* 06 *



 さて。
 その後しかるべき場所で確認をしたところ、真希さんは現在任務に出ているとのことで。
 先に呪具借りちゃおうかなあとは思ったもののそれもできず、結局私は本当に休憩時間を過ごしていた。
 自室で好きなことを散々したり少しうたたねをしてみたり。
 まあ明日から体力使うんだし、今日くらいは回復に費やしても怒られないだろう、なんて思ってみたりして。

 そうして、夕食。
 学食で一人(まあよくあるし、みんな当然のようにそんな感じ)夕食を食べていれば。

「くるる」
「!」

 聞いたことのある声がした。
 振り返れば、多いのでは…?!ってくらいの夕食をトレイに乗せた真希さんが立っていた。

「お疲れ様です!任務帰りですか?」
「そうだ。ここいいか?」
「もちろんです」

 許可を取ると、彼女は私の向かいにどっかりと座った。
 そして綺麗に手を合わせて、いただきますをした。そのまま、綺麗な所作で箸をもって、食事を始める。

 ……うん、こういうところ育ちの良さが出るっていうけど本当なんだろうなあ。普段のかっこいいのとこの品格のギャップは好きにならざるを得ない。マジで。

「悟から聞いたぞ」

 見惚れていた私に気付いたのか、真希さんはそう、話題を切り出した。

「呪具の話ですか?」
「ああ。なんかあんのか、触ってみたい奴とか、得意そうな奴とか」
「それがさっぱりでございまして。武器という武器を持ったことすらないんで、できれば初心者でも扱いやすいものがいいですねえ」
「まあ、だったら殴打系とか、洋モノの剣の類だろうな。ただ殴打系は本人の腕力がものをいうところがあるし、現実的じゃねえかもな」
「そうですよねえ。」
「飛び道具系は?」
「どうでしょう……ただ性格的にはそういうちまちましたのはあまり好きではないというか…」
「成程な」

 もぐもぐ、と真希さんはすごいスピードで大盛のごはんを飲み下していく。かっこいいぜ先輩。
 っていうか話を聞いてどういうのがいいかカウンセリングに来てくれるとか神では???何、かっこよっくって品もあってそのうえ面倒見もいいんですか????面倒見いいひと基本的に無条件で好きなんですけど????

 いや、おいババア子供ぶってんじゃねえぞとか言わないで!その辺ってマジで性格と才能だからどんだけ歳取っても世話焼かれる方が得意な人間と焼く方が得意な人間には絶対的な境界線があるのよ。知らんけど!

「まあ無難に刃物系だろうな。長物も扱いはややこしいが、慣れると結構よかったりもするが」
「かっこいいですよねえ長物。見ごたえは一番あるというか」

 小生ソシャゲでいつも槍系を推しがちなんだよな。
 何を意識するでもないんだが気が付いたら使ってるの槍みたいな。
 まあでもモンハンとかみたいな実際にアクション的に武器特性を生かして攻撃する、みたいなゲームには明るくないので何とも言えませんが。とりあえず飛び道具が性格的に向いてないことだけはわかる。
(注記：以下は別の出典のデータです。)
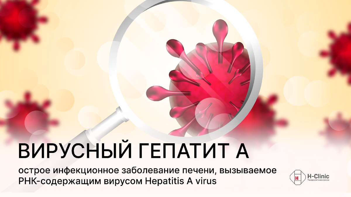 Вирусный гепатит А — острое инфекционное заболевание печени, вызываемое РНК-содержащим вирусом Hepatitis A virus (HAV) из семейства Picornaviridae. Болезнь распространена во всем мире, особенно в регионах с низким уровнем санитарии. Несмотря на доброкачественное течение в большинстве случаев, вирусный гепатит А остается значимой проблемой здравоохранения из-за риска массовых вспышек и редких, но опасных осложнений. Возбудитель и распространённость вируса Вирус гепатита A устойчив к внешним воздействиям. Он сохраняет жизнеспособность в воде до 10 месяцев, выдерживает температуру до +60 °C и кислую среду желудка. Погибает при кипячении, УФ-облучении и обработке хлорсодержащими дезинфектантами. У вируса есть лишь один серотип, что делает иммунитет после перенесенной инфекции пожизненным и стойким, а вакцинацию - универсально эффективной. Гепатит A распространен в странах Азии, Африки и Латинской Америки. В России заболеваемость снизилась в 3,8 раза с 2009 по 2020 год, но локальные вспышки
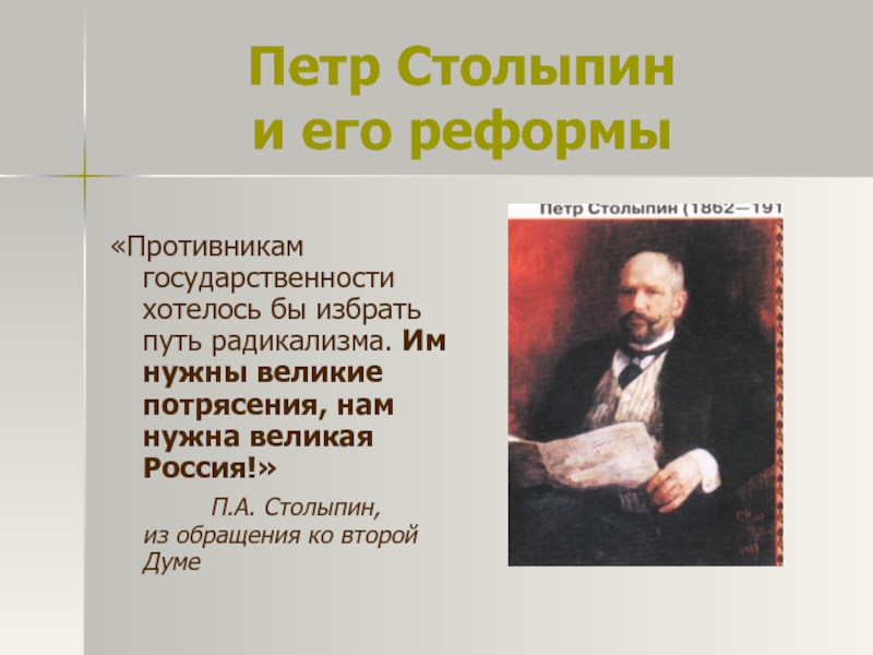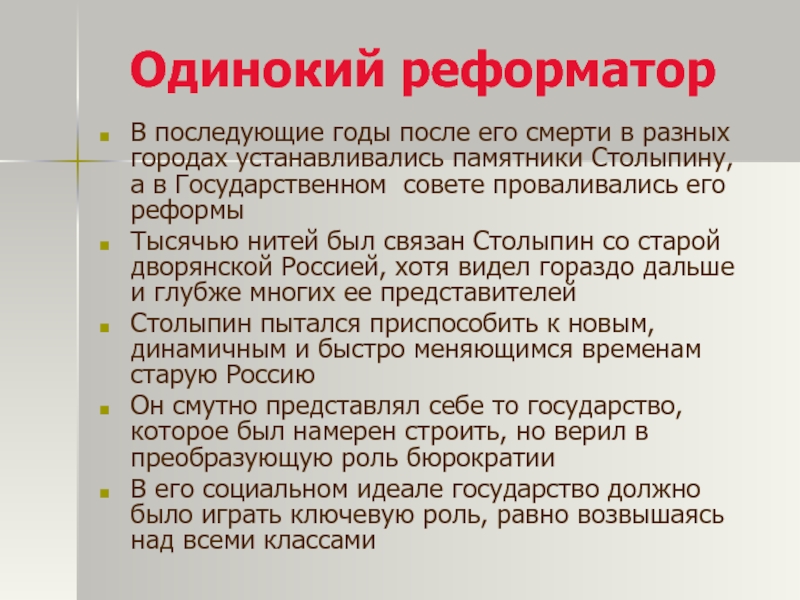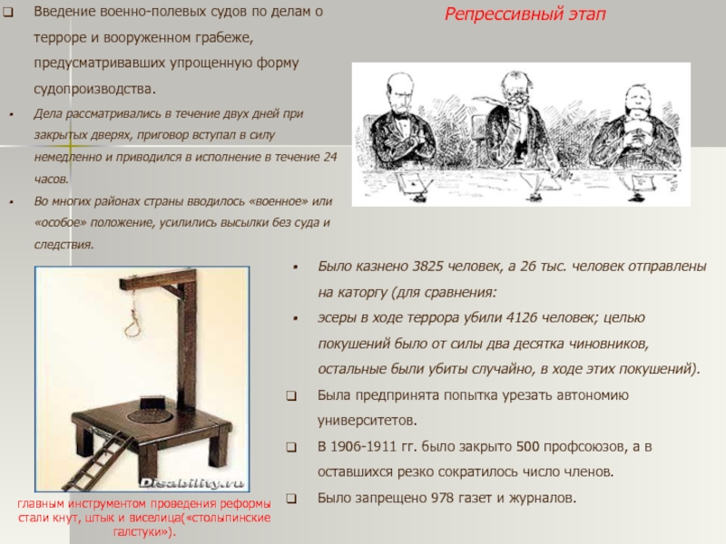 главным инструментом проведения реформы стали кнут, штык и виселица(«столыпинские галстуки»).
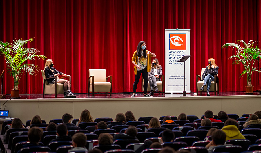 Marta Tena, Cristina Cons i Patrícia Pallarès, són les tres joves influencers que es troben a la seva primera etapa professional i van integrar la segona taula de la jornada, oferint els seus testimonis sobre altres qüestions que afecten els adolescents, tals com els TCA (Trastorns de Conducta Alimentària) o els efectes i conseqüències dels continguts audiovisuals que tenim a l’abast. Les tres joves van oferir models a seguir en positiu i van animar als adolescents participants a treure partit dels avantatges de les xarxes, sense caure en la dependència i els mals usos.
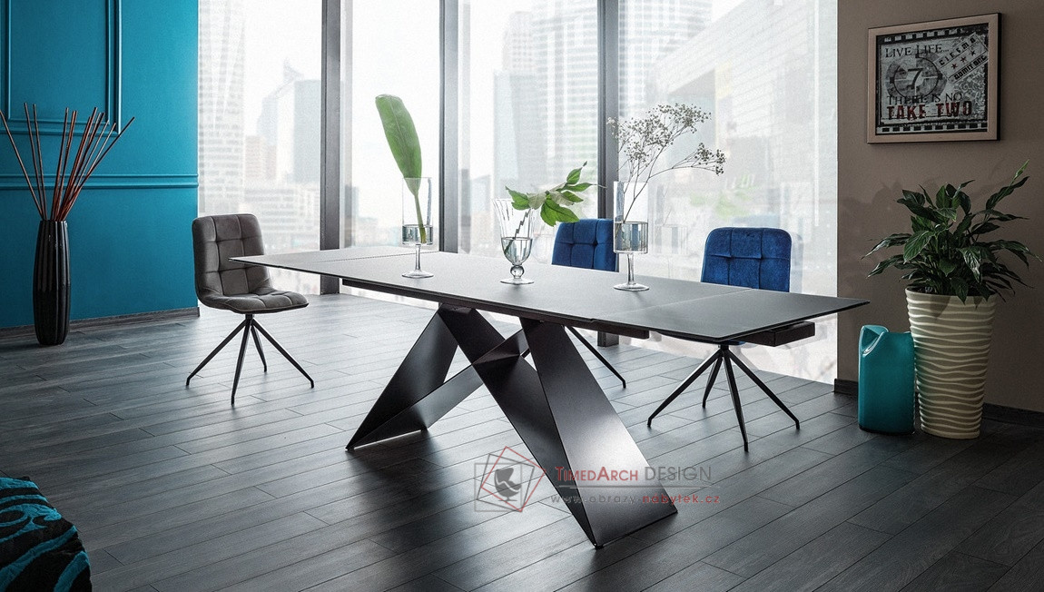 Kovová podnož černé barvy. Stolní deska je vyrobená z tvrzeného skla černé barvy. Plocha stolu před rozložením je 90x160 cm, po rozložení 90x240 cm. Stůl je určen až pro 8 osob.

 ああいうアクションゲームは大体近接武器が好きだしなんなら大剣みたいな重めが好きよ。


「この後腹ごなし程度に軽く触ってみるか」
「え、いいんですか。真希さん疲れてませんか?」
「どうってことねえよ。大した任務でもなかったし」
「ならお言葉に甘えて……」
「おう、後輩は甘えとけ」
「かっこよ……」

 おっといけねえ口から出たぜ。
 あかんやんこんなん惚れてまうやろやん。ってかこの人好きにならんとおれるひとおる??
 やめてよマジで好きすぎると私どんどん話せなくなっちゃうんだから(ガチ推しにはダル絡みするの芋るガチオタ)。


◆◇◆◇◆


 さてそんなわけで優しい先輩に連れられてやってきました柔道場。
 なに、柔道場人気無いの????なんなら徐々に愛着沸きつつあるよ??

「さあ好きなのを選べ」

 どっちゃりと、真希さんと、あといつの間にか現れたパンダさんが畳の上に呪具という呪具を広げていた。
 レート、というか等級低いのでいいんだけどな。壊したりなくしたりしたら大変だし……。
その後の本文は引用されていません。